Фантастика 1990
Шрифт:
И в последующие дни к радости Гордия молодые люди ни о чем его не расспрашивали, не пытались завести знакомство. Все это время он провел в маленькой носовой каюте и пил фруктовые соки, которые приносил ему робот-матрос, а хозяева развлекались в салоне, не обращая, на него никакого внимания. Уже не первый раз замечал Гордий, что люди новой Астры совершенно нелюбопытны друг к другу, если только их не связывают общие наслаждения.
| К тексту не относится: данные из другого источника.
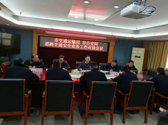 2月9日上午,市公安局党委委员、交警支队队长王渊一行来市交通运输局对接道路交通安全业务工作。市交通运输局党组书记、局长王庆江,局党组成员、副局长朱东升参加会谈。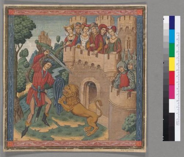 019 / 214 Book of hours (“De Buz Hours”), use of Paris Save Share Ask Question Beyond Words Illuminated Manuscripts in Boston Save Share Ask Question Parchment, ff. 197, 233 x 170 (118 x 80) mm Collection Houghton Library Date c. 1420–25 External Link http://nrs.harvard.edu/urn-3:FHCL.HOUGH:1841631 Institution Harvard University Map PDFs Place Angers, France Shelfmark MS Richardson 42 Topics Illumination Knight holding a banner and lady holding two leaves, cuttings Parchment, 135 x 60 mm (knight), 128 x … Book-binding Gilbert de la Porrée, Commentary on the Epistles of St. Paul Book of hours Parchment, ff. 111, 332 x 235 mm Book of hours, use of the Windesheim Congregation (Hours of the Virgin) and use of Utrecht (Office of the Dead) Parchment, ff. i (conjoint of the pastedown) + … Office of the Dead from a book of hours Parchment, 1 leaf, 184 x 136 (140 x … Knight slaying a lion before a city gate with spectators (cutting) Parchment, 237 x 231 mm Explore chevron-right
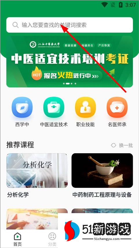 1、打开中医药在线app,注册登录。在主页上,你可以看到“西学中医”、“中医之道”、“职业技能”、“师徒传承”等栏目。也有推荐的学习课程。点击搜索框,输入关键词搜索课程。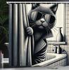 Vintage Effect Funny Whimsical Humor Cat Shower Curtain Fabric Bathroom Decoration Shower Curtain with Hook, 180x180cm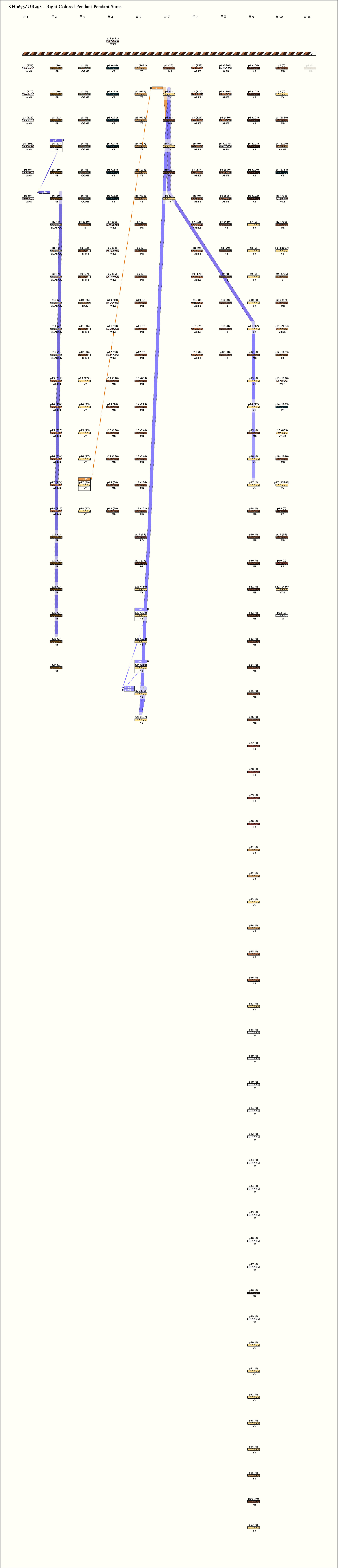 This khipu was transcribed by Ashok Khosla, from copies of notes left by Gary Urton at Dumbarton Oaks, and found by Mack FitzPatrick.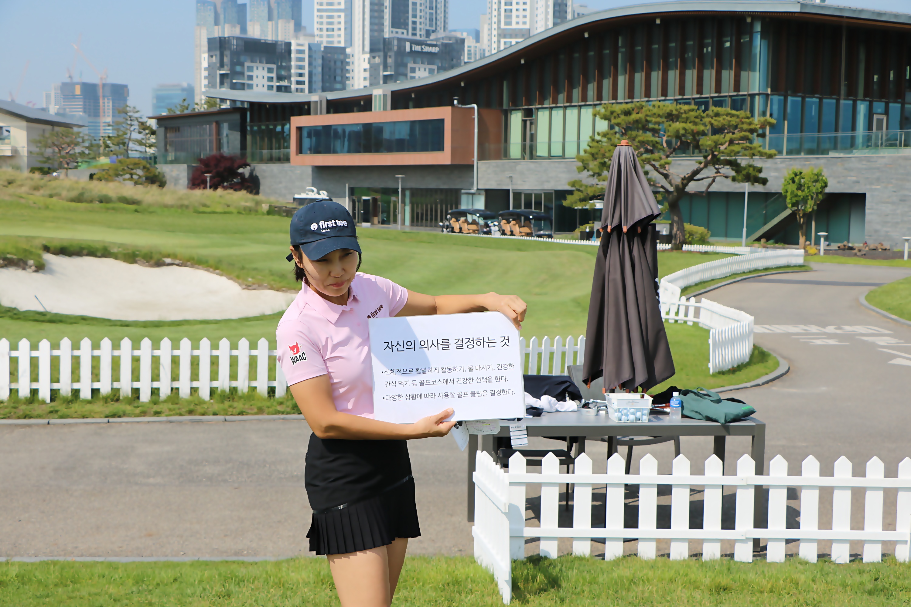 골프할 때 가져야 할 올바른 판단력에 대해서 상세히 설명해 주고 있는 모습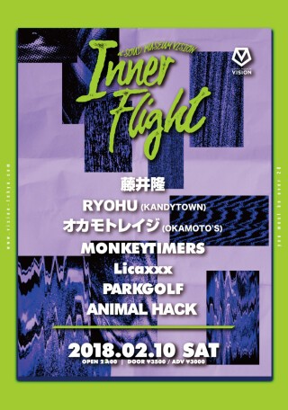 ROCK~POPS~TECHNO~HOUSE~ELECTRONICA~HIPHOP~BASS~といった様々な音楽の形態を一夜に詰め込み、4フロアで展開していくパーティー「slow dance」がグレードアップし「Inner Flight」となりリニューアルスタート!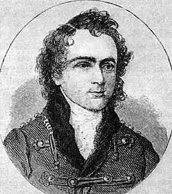 József Kármán (14 March 1769 in Losonc – 3 June 1795 in Losonc), sentimentalist Hungarian author, was born at Losonc (today Lučenec in Slovakia) in 1769, the son of a Calvinist pastor. He was educated at Losonc and Pest, whence he migrated to Vienna. There he made the acquaintance of the beautiful and eccentric Countess Markovics, who was for a time his mistress, but she was not, as has often been supposed, the heroine of his famous novel Fanni hagyományai ("Fanny's testament"). Subsequently, he settled in Pest as a lawyer.[1]
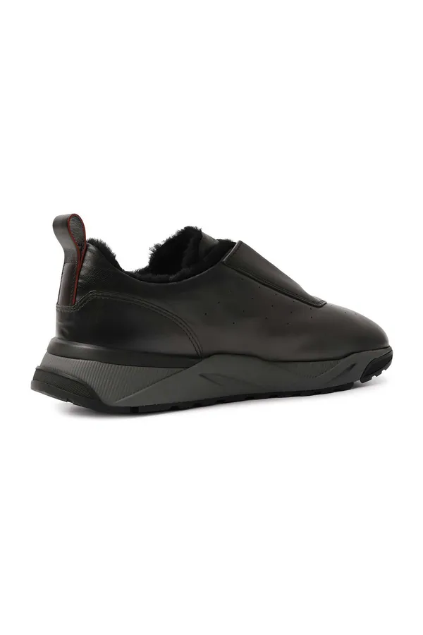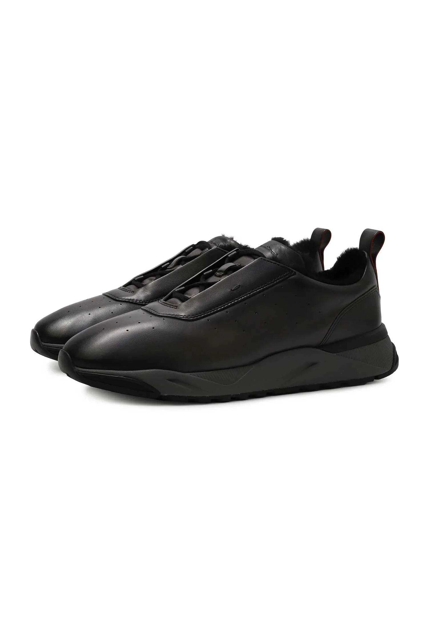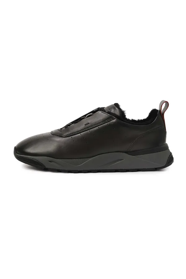 SANTONI КРОССОВКИ NEW-LEAS16 Т/СЕРЫЕ КОЖА, ПЕРФОРАЦИЯ, МЕХ В ТОН, СЕРАЯ ПОДОШВА, К=5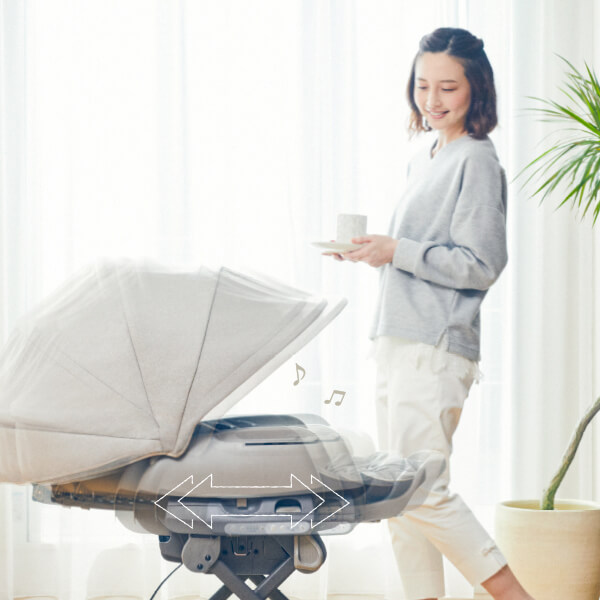 自動で揺れるから、グズグズ赤ちゃんも、ぐっすりスヤスヤ。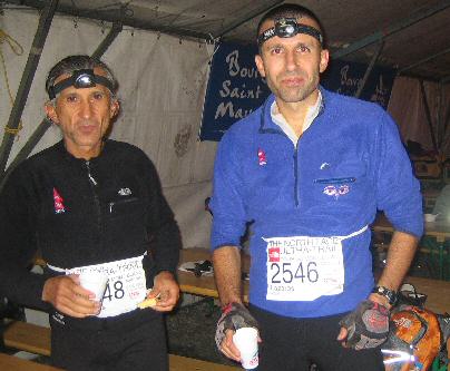 Κατηφορίζουμε για το Chapieux και αρχίζουν κάποιοι να μας προσπερνούν. Δεν είναι η κατηφόρα το καλύτερό μου. Κάθε τόσο κιόλας πρέπει να σταματώ να βγάζω μικρά πετραδάκια από τα παπούτσια μου, που τα ίδια ευθύνονται γι αυτό, εξαιτίας του grip της σόλας. Έπρεπε να είχα φορέσει γκέτες, όπως έκαναν αρκετοί άλλοι αθλητές που παρατήρησα νωρίτερα. Με μικρές απώλειες φτάσαμε στο σταθμό του χωριού στο ΚΜ-44 σε λιγότερο από 7 ώρες και κάτω από την 200η θέση. Έτσι είπαμε να το γιορτάσουμε, τρώγοντας βασιλικό γεύμα και παρατηρώντας ως θεατές δεκάδες άλλους να μας προσπερνούν ενώ εμείς απολαμβάναμε ζεστή σούπα, νερά και αναψυκτικά στα τραπέζια του σταθμού. «Δε βαριέσαι, ο αγώνας είναι πολύ μεγάλος, ας είμαστε επιφυλακτικοί κι ας τρώμε συχνά» προτείνω. Ο μπουφές εκπληκτικός, δε σ αφήνει να φύγεις. Πάμε κι ερχόμαστε απ τον πάγκο στο τραπέζι σαν να βρισκόμαστε σε φοιτητική εστία. Τα πόδια μου αρχίζουν να έχουν συμπτώματα κόπωσης, με πόνο στους τετρακέφαλους. Ο Δημήτρης αδειάζει ένα φακελάκι άσπρη σκόνη στο ποτήρι του και το πίνει. Είναι ώρα για τα μαγνήσια μας, για να γλυτώσουμε τις κράμπες στη συνέχεια. Βγάζω τα ‘μυστικά’ χαρτονάκια μου με τον προγραμματισμό: «Πάμε καλά σε γενικές γραμμές, είμαστε μέσα στα όρια για τις 30 ώρες». Τι άλλο θέλουμε!!

А что могло быть общего между ним, пятидесятилетним седеющим мужчиной, и этими двумя юнцами с манекенно-красивыми лицами? Он им казался, конечно, глубоким стариком, хотя и был, возможно, одного с ними возраста.
…
Этакое счастье привалило! Гордий стал обладателем прекрасного мореходного судна с не израсходованным еще запасом продуктов и питья в трюме. Два дня он просидел на яхте, думая, что хозяева, может быть, вернутся. Он все никак не мог привыкнуть к тому, что в этом странном мире люди не знают цены хорошим вещам, потому что они достаются им даром. “Они похожи на мартышек в тропическом лесу, где полно бананов”,- подумал он, проснувшись на третий день утром. Нет, хозяева так и не вернулись…
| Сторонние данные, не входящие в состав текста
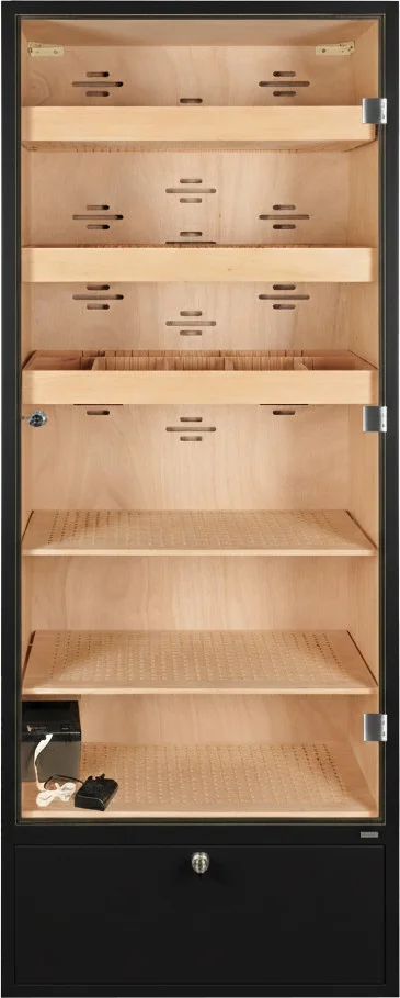 The base of the humidor cabinet contains a lockable drawer that can be used for storing cigars as well as accessories or consumables such as distilled water. The drawer bottom is perforated and separated from the interior, allowing humidity to circulate and ensuring safe cigar storage.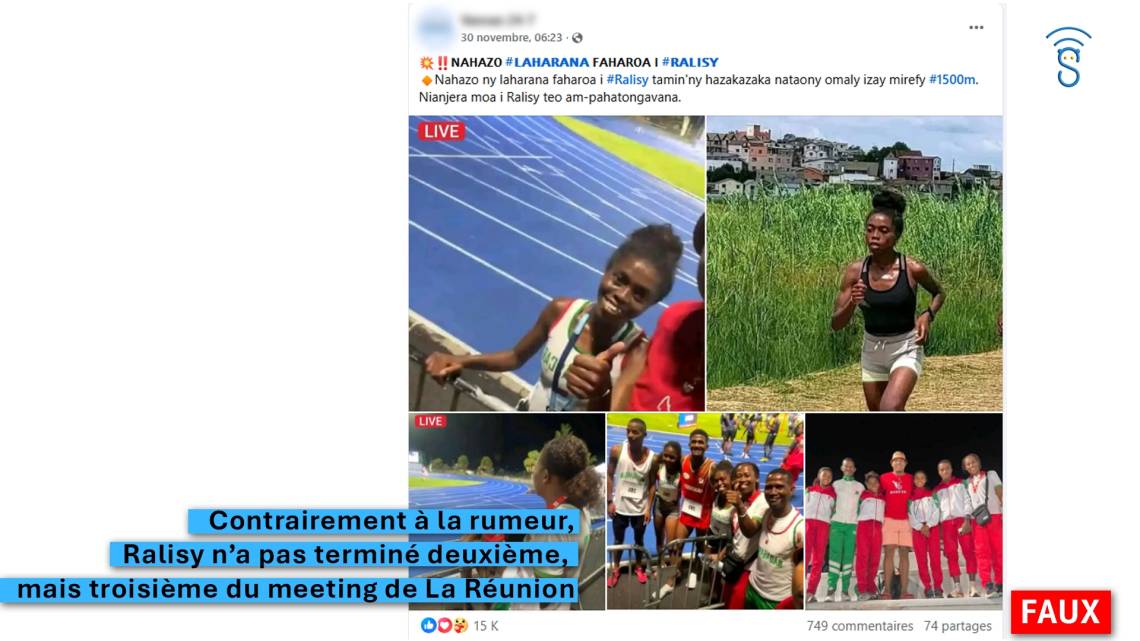 Verdict : Faux. Contrairement à la rumeur, Ralisy n’a pas terminé deuxième, mais troisième du meeting de La Réunion.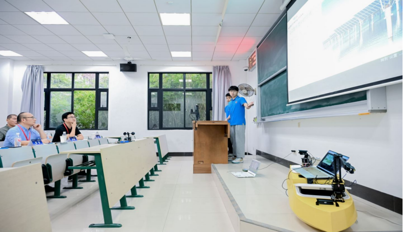 本次大赛分智慧渔业技术分会场、智慧渔业装备分会场和智慧渔业系统分会场,来自全国28家单位的56支队伍参加了本次大赛。参加单位来自浙江大学、中国农业大学、中国海洋大学、大连理工大学、华中农业大学、哈尔滨工程大学、南京农业大学、上海海洋大学、江苏海洋大学、中国科学院海洋研究所、中国科学院水生生物研究所、中国水产科学研究院东海水产研究所等28家高校、科研院所和企业。其中,我院苏瑞阳、潘灿两位学生负责的“渔光互补水面水下无人船监测系统”项目参加了比赛,两位同学准备充分,自信满满地展示自己的作品。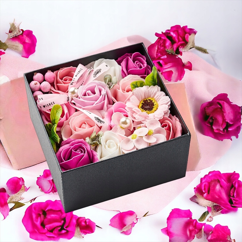 Подарунок у вигляді квіткової коробки з композицією з мильних квітів ідеально підходить до Дня Святого Валентина, Жіночого дня, Дня Матері, Дня Бабусі, Дня Дідуся , День батька, Різдвяний подарунок, подарунок, як альтернатива живі квіти, подарунок на весілля, подарунок співробітникам, як подяка гостям, подарунок на День вчителя, подарунок на день народження, подарунок для подруга або кохана людина. Це буде відмінна ідея замість букета і не зів'яне, як живі квіти. Альтернативою вічним трояндам є композиція з квітів і мильних троянд. Вічні троянди як мильні квіти підходять для ванн, як прикраси або як подарунки для співробітників. Чудово підійде як доповнення до подарунка.
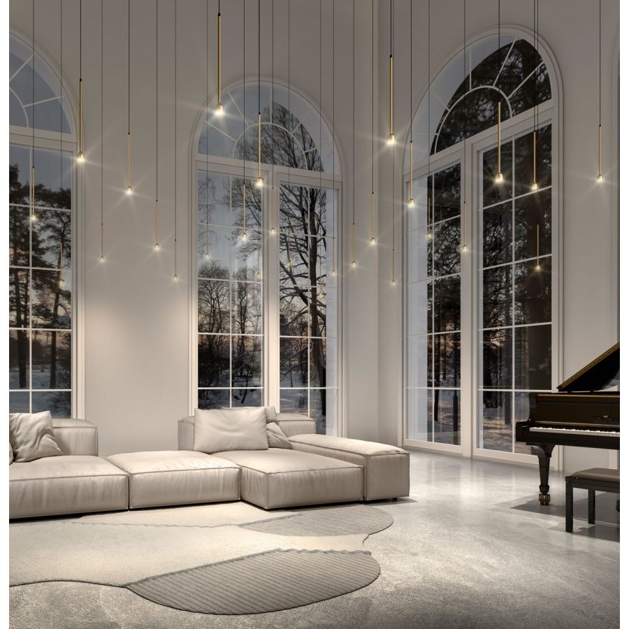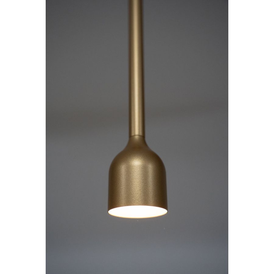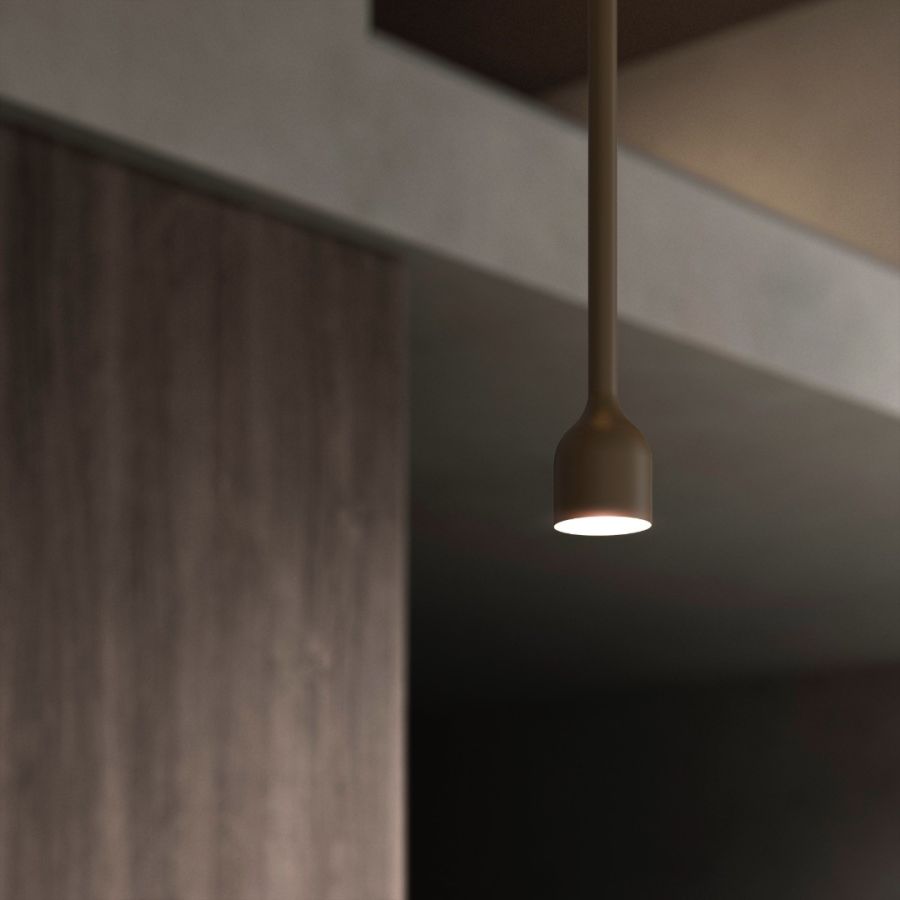 Conceived as an evolution of the Wonder and Storm collections, Hail is a ceiling lamp providing downward directional light. A long and essential metal stem opens up into a magical shape – a little bell. With its minimal and well-balanced shape it can be used either individually or be repeated in free multiple configurations.

Теперь нужно было решать, как распорядиться дарованной ему Нандром свободой. Его побег обнаружится не раньше, чем через два месяца, когда роботы вернутся на остров, чтобы выяснить причину молчания их коллеги. Значит, все это время он может смело действовать, не опасаясь слежки. Но что предпринять? На что направить силы? Попытаться разыскать людей, недовольных системой? Найти для начала одного хотя бы наиболее развитого и попробовать осторожно вправить ему мозги. Не может быть, чтобы на планете не осталось людей с зачатками хоть какой-то духовности. Идея вдохновила Гордия. Теперь уже ясно, что он допустил грубую ошибку, применив в новых условиях старые методы. Нужно было начинать совсем с другого конца - с отдельных человеческих душ.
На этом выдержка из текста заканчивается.